Mais tel l’inlassable retour de la Team Rocket, l’incroyable résurrection de Voldemort, l’increvable moustique qui vient pourrir nos nuits d’été, c’était sans compter le retour de Charlie Hebdo, ce Quasimodo honni de la fête des fous. L’outrage ? Une nouvelle « Une » satirique et provoc’, représentant un van blanc laissant derrière luit des corps sanguinolents, et titrée « Islam, religion de paix… éternelle ».

Pourtant, en page 10, le nouveau numéro de Charlie Hebdo, voulait, par courtoisie, avertir contre la crise cardiaque : « Afin de détecter l’humour dans les messages humains, des chercheurs du MIT ont mis au point un algorithme qui utilise des émoticônes pour analyser l’intention du message. Résultat : la machine est parvenue à identifier le sarcasme correctement dans 82% des cas, ce que ne sont parvenus à faire que 76% des humains. Et ça marche aussi pour piger les dessins de Charlie Hebdo ? ».

Une précaution des plus vaines, car la majorité des contempteurs de Charlie Hebdo ne l’ont jamais lu, et n’ont jamais essayé de comprendre son message. Alors, comme il est de coutume, les traditionnels anathèmes ont fusé : « islamophobe », « haine et insultes contre les musulmans, « relai de l’extrême droite ». Il sera d’abord intéressant de constater une nouvelle fois, dans la routine des attentats terroristes qui s’est installée, que l’on s’offusque bien plus contre la publication d’un journal traitant d'un attentat terroriste que contre l’attentat lui-même. Il semblerait que, si l’on ne peut rien contre de lâches assassinats, on puisse en revanche museler ceux qui interpellent sur les questions qui dérangent. "Ne luttons pas contre le message, mais contre le messager".

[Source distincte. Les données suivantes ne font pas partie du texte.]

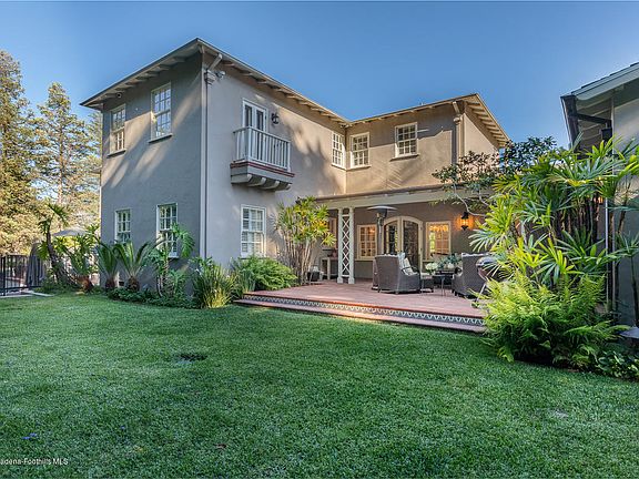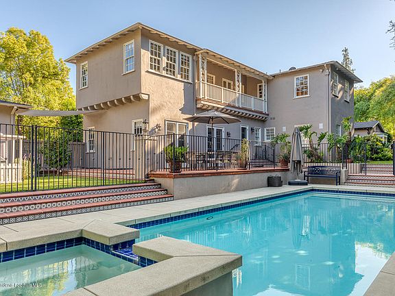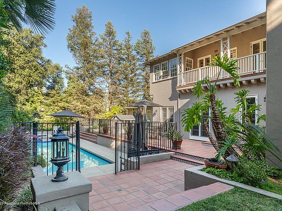 Set on a quiet street in one of Pasadena's most desirable neighborhoods, this beautiful San Rafael 1935 Traditional is the ideal home for California indoor/outdoor living. Thoughtfully rebuilt in 2001, this five bedroom, five bath home boasts sizable spaces while achieving the perfect balance of flow and functionality. The home's bright and airy living room features a barreled ceiling, double-sided fireplace, and multiple arched French doors that provide access to the home's front and back gardens. A large formal dining room leads out to a private patio and grass area - ideal for entertaining. The gourmet kitchen is the heart of the home and includes custom cabinetry, soapstone countertops, an eat-in area, and a walk-in pantry. The kitchen opens up to a spacious family room, which, in turn, opens up to a second patio and sparkling pool. The first floor also includes a bedroom, full bath, powder room, laundry room, and a library - perfect for a home office. Upstairs is the master suite with a private dressing room and dual walk-in closets, as well as an additional three bedrooms and two baths. Further, the home has a basement level (additional 750sqft), featuring a wine cellar and a large, useable bonus room/gym.

« Islamophobe » et d’extrême droite ce numéro? Il suffisait pourtant de prendre moins de temps qu’il en est pour twitter, et de lire l’Edito de Riss, à la troisième page, pour comprendre :

« Quelque chose a changé depuis le 7 janvier 2015. Les débats et les interrogations sur le rôle de la religion, et plus particulièrement de l’Islam, dans ces attentats ont complètement disparu. L’attaque contre Charlie Hebdo avait contraint les médias et les intellectuels à aborder cette question puisque c’était la publication des caricatures de Mahomet qui avait motivé les deux tueurs. (…) Depuis, un travail de propagande est parvenu à distraire nos esprits et à dissocier ces attentats de toute question religieuse. Aujourd’hui, plus personne ne s’interroge sur le rôle de l’islam dans l’idéologie de Daech. Le bourrage de crâne a réussi à nous faire admettre que le « fait religieux » ne doit pas être discuté. Il s’impose à nous, et ceux qui osent le remettre en question sont traités d’anticléricaux primaires d’un autre âge. (…)
On oppose souvent islam et islamisme. Comme si ces deux conceptions religieuses étaient deux planètes étrangères l’une à l’autre. Pour épargner aux musulmans modérés l’affront de relier leur foi à la violence djihadiste, on a méthodiquement dissocié islam et islamisme. Pourtant, l’islamise fait partie de l’islam. Lorsque l’on critique l’Inquisition et ses crimes, on ne détache pas cette mouvance fanatique du reste de l’Eglise catholique. Même si beaucoup de chrétiens dénonçaient l’Inquisition, elle est un élément de l’histoire du christianisme et de l’Eglise. C’est pour cela que des siècles après, en l’an 2000, le pape Jean-Paul II s’est senti obligé de faire repentance des crimes commis au nom de l’Inquisition. Au nom du christianisme. Curieusement, à chaque fois que les intégristes musulmans commettent des crimes, on dresse autour d’eux un cordon sanitaire pour les exfiltrer de l’islam afin d’épargner à la religion de Mahomet la moindre critique. Il est tellement plus confortable de parler de Bush, de Trump ou d’Obama que de mettre le nez dans les problèmes qui déchirent l’islam depuis maintenant plusieurs décennies. Le confort intellectuel passe avant tout. (…) Pour notre confort, évitons de réfléchir à toutes ces questions pénibles qui gâchent nos vies. N’y pensons pas trop. D’autres, avec leur voiture-bélier et leur ceinture d’explosifs, le font à notre place ».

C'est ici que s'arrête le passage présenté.